Faster way to convert a vector of vectors to a single contiguous vector with opposite storage order

Tags:

c++

performance

caching

vector

I have a std::vector<std::vector<double>> that I am trying to convert to a single contiguous vector as fast as possible. My vector has a shape of roughly 4000 x 50.

The problem is, sometimes I need my output vector in column-major contiguous order (just concatenating the interior vectors of my 2d input vector), and sometimes I need my output vector in row-major contiguous order, effectively requiring a transpose.

I have found that a naive for loop is quite fast for conversion to a column-major vector:

auto to_dense_column_major_naive(std::vector<std::vector<double>> const & vec)
    -> std::vector<double>
{
    auto n_col = vec.size();
    auto n_row = vec[0].size();
    std::vector<double> out_vec(n_col * n_row);
    for (size_t i = 0; i < n_col; ++i)
        for (size_t j = 0; j < n_row; ++j)
            out_vec[i * n_row + j] = vec[i][j];
    return out_vec;
}

But obviously a similar approach is very slow for row-wise conversion, because of all of the cache misses. So for row-wise conversion, I thought a blocking strategy to promote cache locality might be my best bet:

auto to_dense_row_major_blocking(std::vector<std::vector<double>> const & vec)
    -> std::vector<double>
{
    auto n_col = vec.size();
    auto n_row = vec[0].size();
    std::vector<double> out_vec(n_col * n_row);
    size_t block_side = 8;

    for (size_t l = 0; l < n_col; l += block_side) {
        for (size_t k = 0; k < n_row; k += block_side) {
            for (size_t j = l; j < l + block_side && j < n_col; ++j) {
                auto const &column = vec[j];
                for (size_t i = k; i < k + block_side && i < n_row; ++i)
                    out_vec[i * n_col + j] = column[i];
            }
        }
    }
    return out_vec;
}

This is considerably faster than a naive loop for row-major conversion, but still almost an order of magnitude slower than naive column-major looping on my input size.

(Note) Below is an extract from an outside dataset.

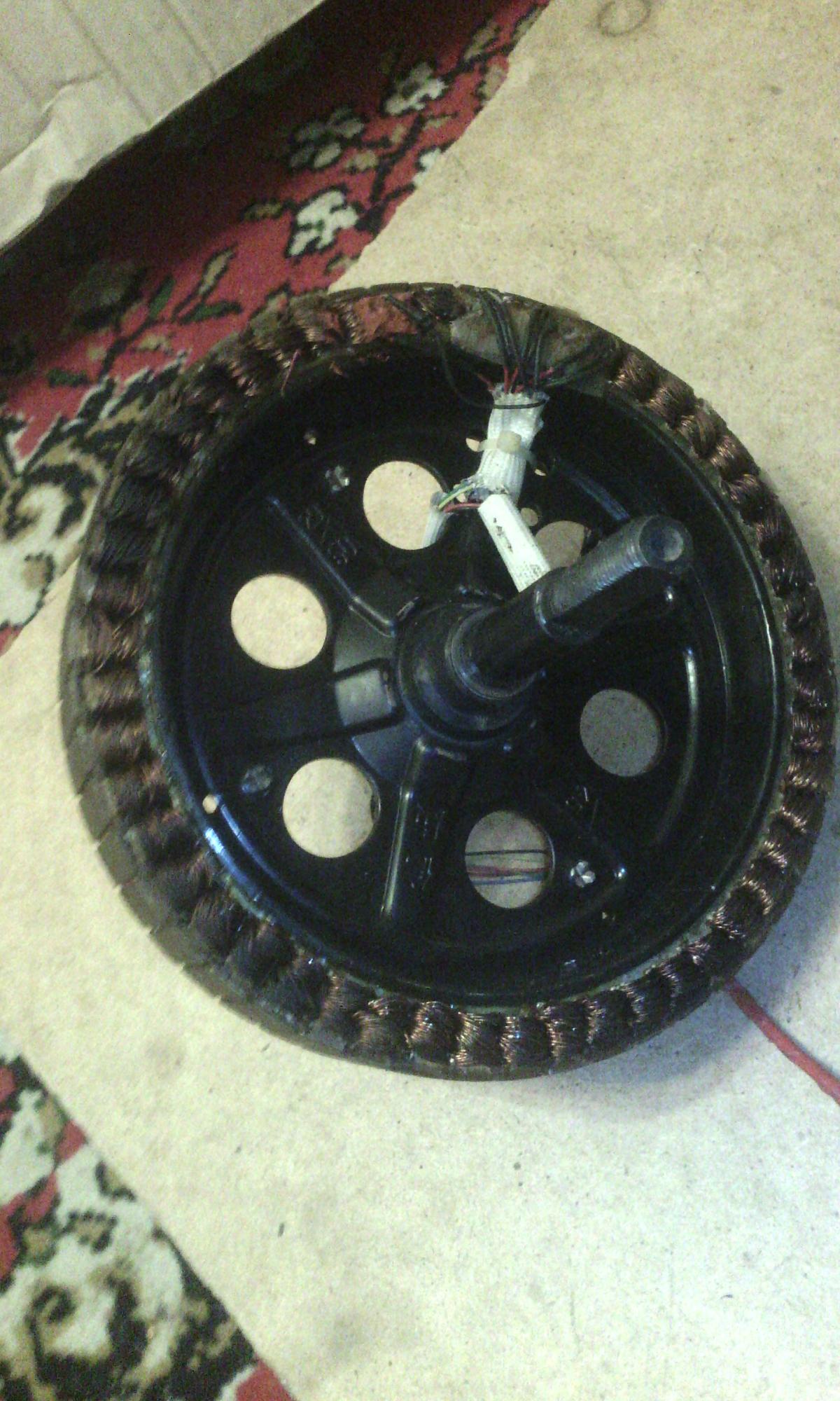 Ехал по дороге на нормале (батарейный не более 35А), съехал ч/з сугробчик на тротуар и метров ч/з 15-20 загорается протект, газульку отпускаешь гаснет затем снова нажимаешь опять протект - смотрю на дисплей стоя на месте, а он рисует мощность потребления 6.8 кВТ!!! (стоим на мести и не дёргаемся даже) температура мотора подскакивает до 140-170 за пару секунд - надпись на дисплее батари лоу, вырубаю рубильник, снова врубаю пшшшшшш.... из контроллера донеслось и завонло, вырубаю рубильник, пробую катить - сопротивляется  :D , вытянул фазные из контроллера - ноль эмоций - сопротивляется :tongue: . В общем после фитнес-экшена по доставке его до дома (хороший тренажёр и педали не помогут тут никак), прозвонил провода - звонятся все 3 между собой. Разобрал, отпаял провода - звонятся обмотки все друг на друга.

enter image description here

My question is, is there a faster approach to converting a (column-major) vector of vectors of doubles to a single contiguous row-major vector? I am struggling to reason about what the limit of speed of this code should be, and am thus questioning whether I'm missing something obvious. My assumption was that blocking would give me a much larger speedup then it appears to actually give.

The chart was generated using QuickBench (and somewhat verified with GBench locally on my machine) with this code: (Clang 7, C++20, -O3)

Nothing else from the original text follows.